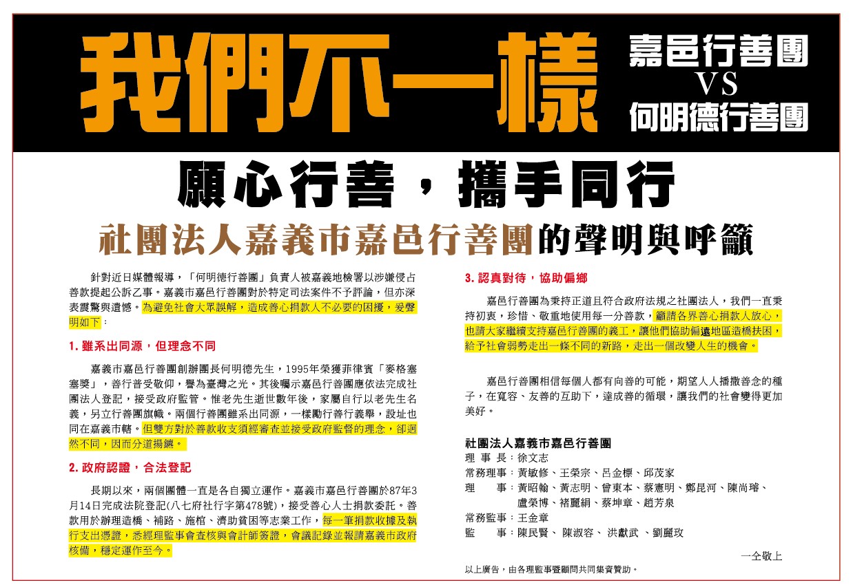 社團法人嘉義市嘉邑行善團再次聲明與呼籲
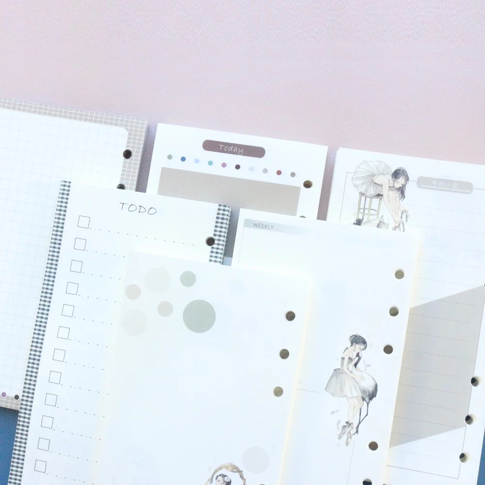 Бумажный лист для ежедневника, на спирали, 6 отверстий
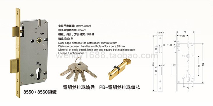 Taihao workshop Taihao copper lock all copper simple European door bedroom door lock door handle TH85-105116
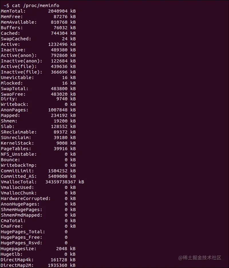 虚拟文件 /proc/meminfo
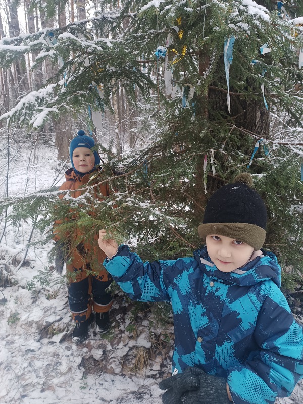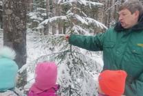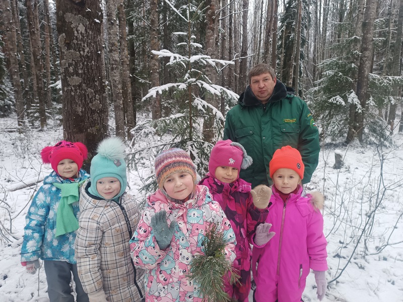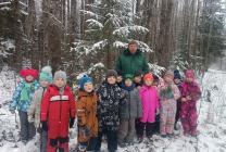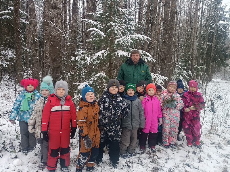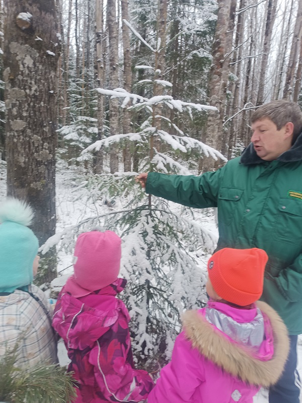 Сегодня подготовительная группа "Берёзка" (воспитатель Генкель Светлана Юрьевна) совершила прогулку в лес с инспектором Олонецкого центрального лесничества Мошниковым Дмитрием Николаевич. В лесу нашли красавицу ёлку, особенно красиво выглядит ёлка зимой, когда остальные деревья голые, а она зелёная и на ветвях иней. Дмитрий Николаевич рассказал, что ёлка полезное дерево, так как очищает воздух, помогает быть нам здоровыми. Хочется поблагодарить Дмитрия Николаевича за интересную и познавательную прогулку.
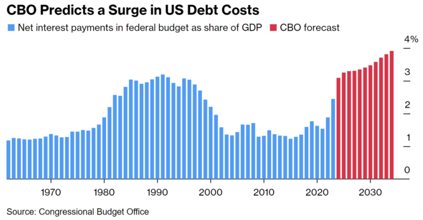 “Net Interest payments will climb to 3.1% of GDP next year, the highest level in records going back to 1940, and then go on to hit 3.9% in 2034.” CBO Director, Phillip Swagel, said in a statement.
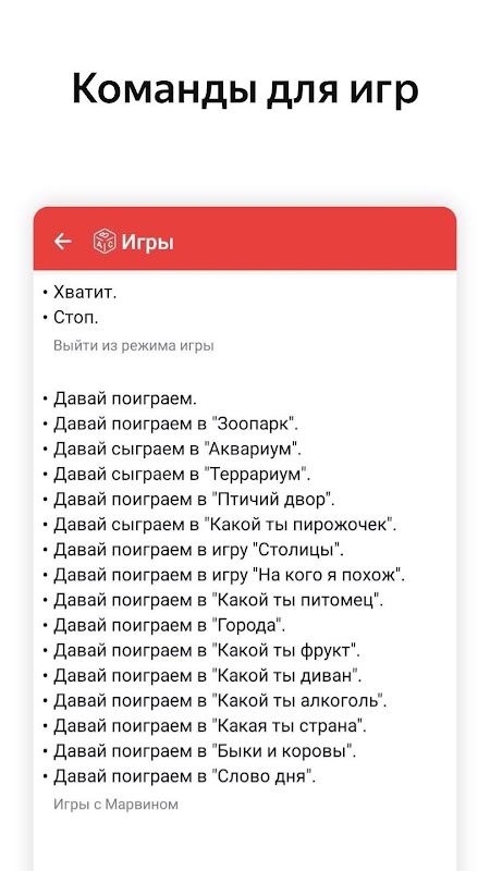 Pembantu Suara itu sendiri TIDAK MEMBANGUN aplikasi "Perintah untuk Marvin" ini; untuk menggunakan Marvin, anda perlu memuat turun aplikasi "MTS Marvin" - pembantu suara ada di dalamnya. Anda boleh menggunakan arahan yang ditunjukkan dalam aplikasi MTS Marvin dan di ruangan pintar dari MTS untuk melancarkan permainan dan mendapatkan maklumat yang berguna.
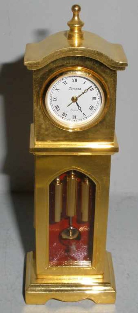 Brass Vemars/Quartz Grandfather Shaped Clock - 4 1/4" tall Brass Vemars/Quartz Grandfather Shaped Clock - 4 1/4" tall
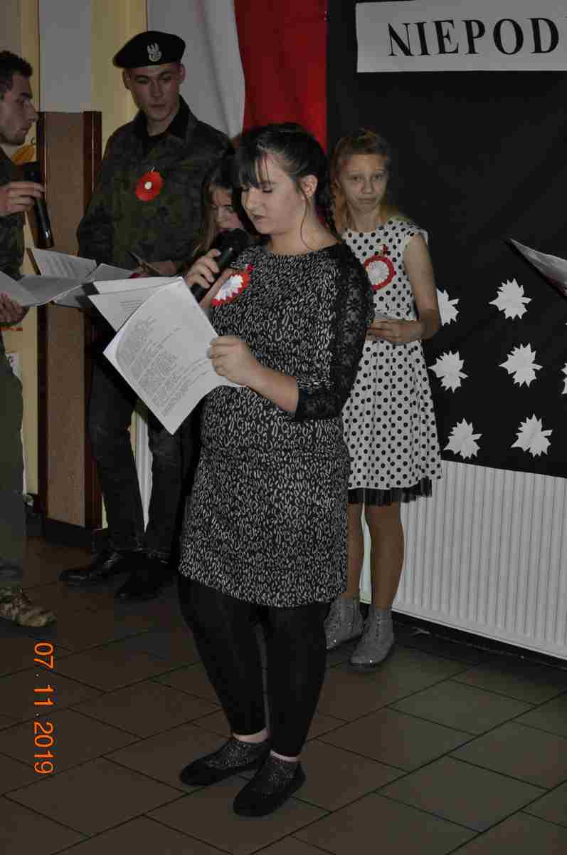 7.XI.2019r. w internacie odbyła się uroczysta wieczornica z okazji Święta Niepodległości. Coroczne obchody rocznicy Odzyskania Niepodległości mają na celu wspieranie postaw patriotycznych młodego pokolenia, wzbudzanie zainteresowania tożsamością narodową oraz pielęgnowanie kulturowego dziedzictwa kraju, popularyzowanie wiedzy o symbolach narodowych.

▶ [Exercise requirements]: Everything in the material above should be reproduced exactly, except the pictures.

▶ [Task solution]:
 社團法人嘉義市嘉邑行善團再次聲明與呼籲
 Бумажный лист для ежедневника, на спирали, 6 отверстий
 Taihao workshop Taihao copper lock all copper simple European door bedroom door lock door handle TH85-105116
 虚拟文件 /proc/meminfo
 Сегодня подготовительная группа "Берёзка" (воспитатель Генкель Светлана Юрьевна) совершила прогулку в лес с инспектором Олонецкого центрального лесничества Мошниковым Дмитрием Николаевич. В лесу нашли красавицу ёлку, особенно красиво выглядит ёлка зимой, когда остальные деревья голые, а она зелёная и на ветвях иней. Дмитрий Николаевич рассказал, что ёлка полезное дерево, так как очищает воздух, помогает быть нам здоровыми. Хочется поблагодарить Дмитрия Николаевича за интересную и познавательную прогулку.
 “Net Interest payments will climb to 3.1% of GDP next year, the highest level in records going back to 1940, and then go on to hit 3.9% in 2034.” CBO Director, Phillip Swagel, said in a statement.
 Pembantu Suara itu sendiri TIDAK MEMBANGUN aplikasi "Perintah untuk Marvin" ini; untuk menggunakan Marvin, anda perlu memuat turun aplikasi "MTS Marvin" - pembantu suara ada di dalamnya. Anda boleh menggunakan arahan yang ditunjukkan dalam aplikasi MTS Marvin dan di ruangan pintar dari MTS untuk melancarkan permainan dan mendapatkan maklumat yang berguna.
 Brass Vemars/Quartz Grandfather Shaped Clock - 4 1/4" tall Brass Vemars/Quartz Grandfather Shaped Clock - 4 1/4" tall
 7.XI.2019r. w internacie odbyła się uroczysta wieczornica z okazji Święta Niepodległości. Coroczne obchody rocznicy Odzyskania Niepodległości mają na celu wspieranie postaw patriotycznych młodego pokolenia, wzbudzanie zainteresowania tożsamością narodową oraz pielęgnowanie kulturowego dziedzictwa kraju, popularyzowanie wiedzy o symbolach narodowych.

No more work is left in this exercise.